The People also adduced legally sufficient proof with respect to the count of tampering with physical evidence, and the verdict of guilt on that count was not against the weight of the evidence (see People v. Green, 54 AD3d 603; People v. Grier, 47 AD3d 729, 730; People v. Lucas, 25 AD3d 822, 823; People v. Higgins, 299 A.D.2d 841, 843; People v. Bussey, 295 A.D.2d 444, 444).

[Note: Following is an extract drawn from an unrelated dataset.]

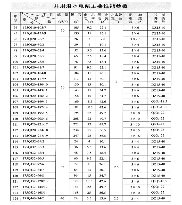 ZAQJ長軸深井泵、深井長軸泵性能參數

The record demonstrates that the defendant was afforded the effective assistance of counsel (see People v. Taylor, 1 NY3d 174; People v. Benevento, 91 N.Y.2d 708, 711–713; People v. Hernandez, 49 AD3d 335, 336; People v. Winchell, 46 AD3d 1096, 1098).
The defendant failed to preserve for appellate review his contention that the Supreme Court relied on purportedly misleading information in the presentence report (see CPL 470.05[2]; People v. Baez, 52 AD3d 840; People v. Butler, 10 AD3d 368, 368–369). In any event, that contention is without merit (see People v. Hansen, 99 N.Y.2d 339, 346; People v. Guevara, 68 AD3d 1738, 1739; People v. Baez, 52 AD3d at 840).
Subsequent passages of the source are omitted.